**What you have to do**
An exact transcript is required of the lines below, from the one containing "La diffusione dei" through the very last; leave every picture out of it.

**Information**
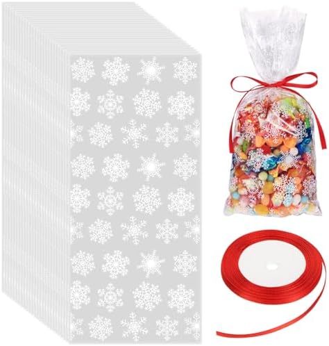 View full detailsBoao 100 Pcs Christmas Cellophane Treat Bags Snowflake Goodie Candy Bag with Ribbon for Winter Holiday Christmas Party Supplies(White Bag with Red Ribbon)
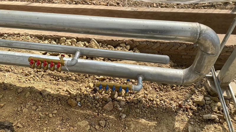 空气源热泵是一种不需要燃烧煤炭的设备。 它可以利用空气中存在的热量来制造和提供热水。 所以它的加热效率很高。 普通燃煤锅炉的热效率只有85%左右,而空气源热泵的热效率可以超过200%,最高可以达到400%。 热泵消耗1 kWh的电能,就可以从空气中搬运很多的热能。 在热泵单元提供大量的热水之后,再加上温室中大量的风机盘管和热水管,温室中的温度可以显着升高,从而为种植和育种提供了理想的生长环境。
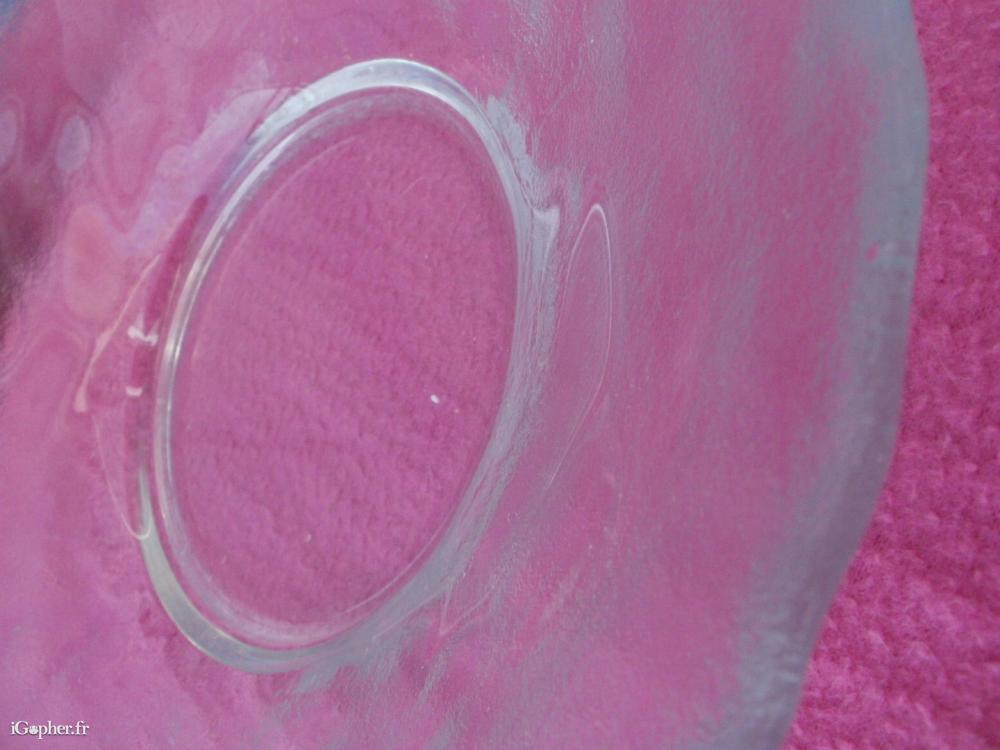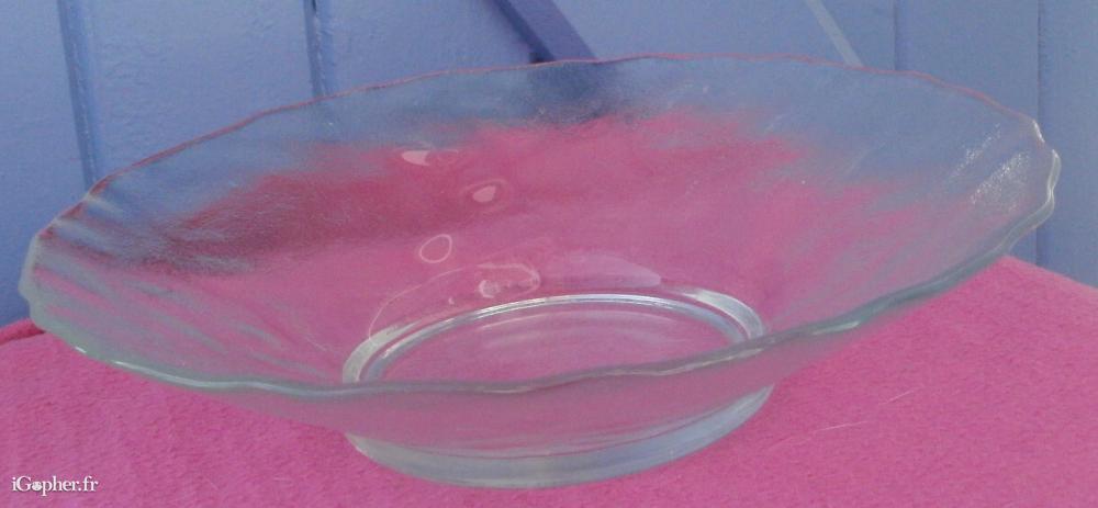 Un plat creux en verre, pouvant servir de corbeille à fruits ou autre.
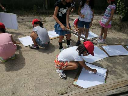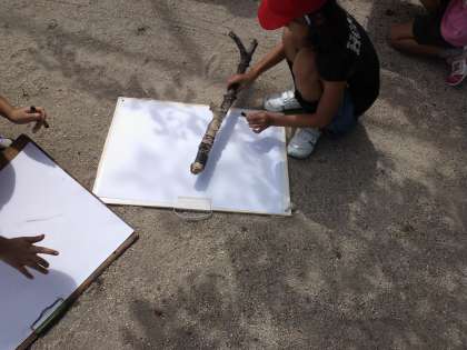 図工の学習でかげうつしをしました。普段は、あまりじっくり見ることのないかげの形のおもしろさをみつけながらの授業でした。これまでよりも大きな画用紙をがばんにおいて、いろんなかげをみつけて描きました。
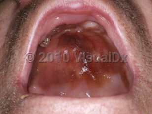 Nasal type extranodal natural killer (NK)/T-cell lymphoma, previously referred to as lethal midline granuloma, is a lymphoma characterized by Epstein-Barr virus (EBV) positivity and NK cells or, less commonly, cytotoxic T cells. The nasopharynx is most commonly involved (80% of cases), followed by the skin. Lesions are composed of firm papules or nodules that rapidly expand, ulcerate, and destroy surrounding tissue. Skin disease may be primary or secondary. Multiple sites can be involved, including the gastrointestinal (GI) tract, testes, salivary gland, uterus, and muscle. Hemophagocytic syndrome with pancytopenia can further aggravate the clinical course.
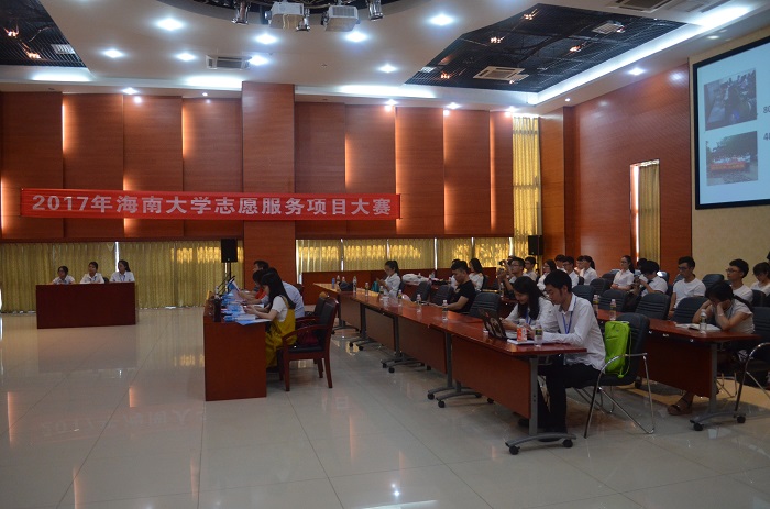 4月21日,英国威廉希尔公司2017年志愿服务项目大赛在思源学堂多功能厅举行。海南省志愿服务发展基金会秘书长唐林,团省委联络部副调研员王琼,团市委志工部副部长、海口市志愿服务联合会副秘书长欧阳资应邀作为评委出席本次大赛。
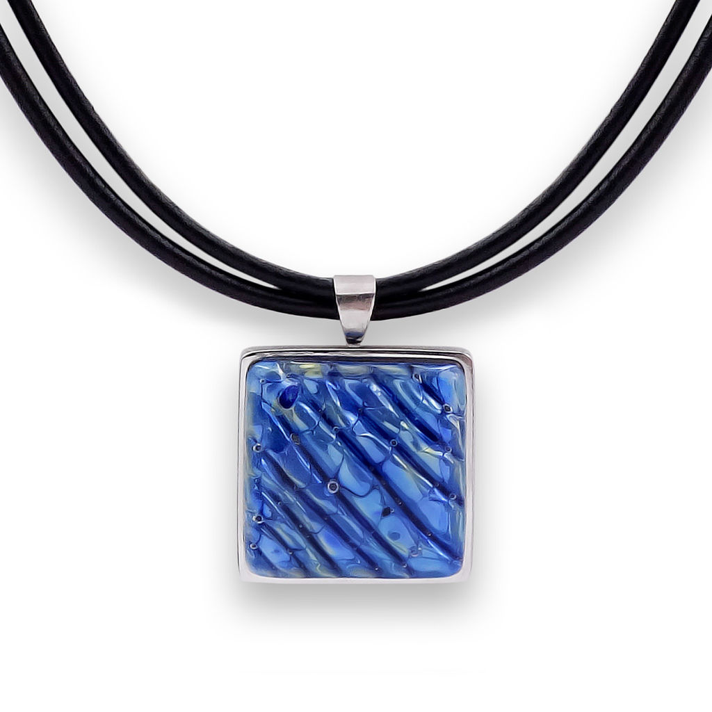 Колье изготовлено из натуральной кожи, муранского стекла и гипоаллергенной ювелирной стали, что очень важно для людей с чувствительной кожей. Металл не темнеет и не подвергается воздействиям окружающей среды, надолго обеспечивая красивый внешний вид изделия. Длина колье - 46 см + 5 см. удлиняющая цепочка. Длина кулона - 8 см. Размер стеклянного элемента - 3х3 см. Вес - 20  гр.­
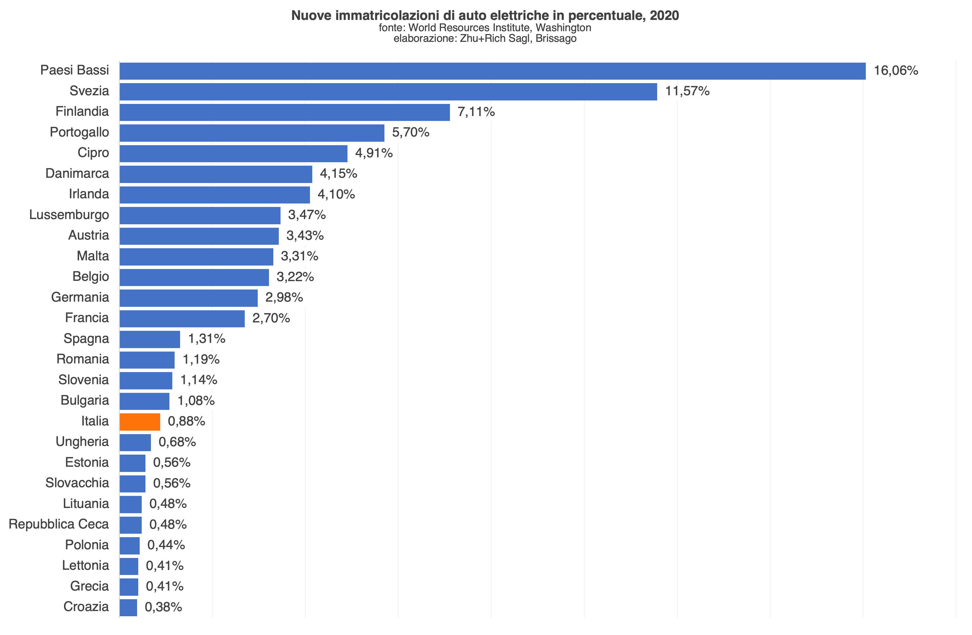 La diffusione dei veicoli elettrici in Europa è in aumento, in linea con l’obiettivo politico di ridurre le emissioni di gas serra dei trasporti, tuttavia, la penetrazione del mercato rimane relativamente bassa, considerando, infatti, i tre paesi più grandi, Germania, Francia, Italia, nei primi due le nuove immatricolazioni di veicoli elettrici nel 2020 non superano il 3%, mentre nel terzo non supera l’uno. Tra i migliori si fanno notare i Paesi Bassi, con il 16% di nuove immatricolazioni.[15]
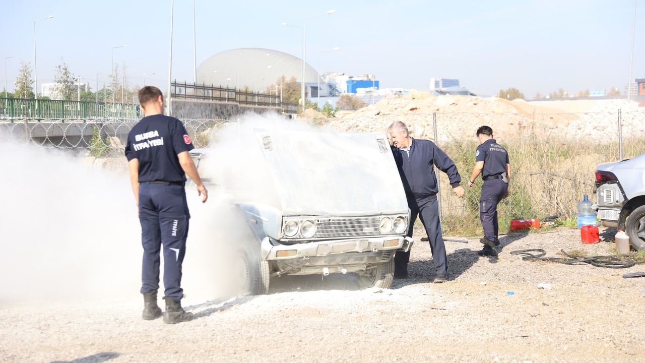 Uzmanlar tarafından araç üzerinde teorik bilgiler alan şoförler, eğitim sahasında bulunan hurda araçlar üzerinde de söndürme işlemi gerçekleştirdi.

**Completed task**
 La diffusione dei veicoli elettrici in Europa è in aumento, in linea con l’obiettivo politico di ridurre le emissioni di gas serra dei trasporti, tuttavia, la penetrazione del mercato rimane relativamente bassa, considerando, infatti, i tre paesi più grandi, Germania, Francia, Italia, nei primi due le nuove immatricolazioni di veicoli elettrici nel 2020 non superano il 3%, mentre nel terzo non supera l’uno. Tra i migliori si fanno notare i Paesi Bassi, con il 16% di nuove immatricolazioni.[15]
 Uzmanlar tarafından araç üzerinde teorik bilgiler alan şoförler, eğitim sahasında bulunan hurda araçlar üzerinde de söndürme işlemi gerçekleştirdi.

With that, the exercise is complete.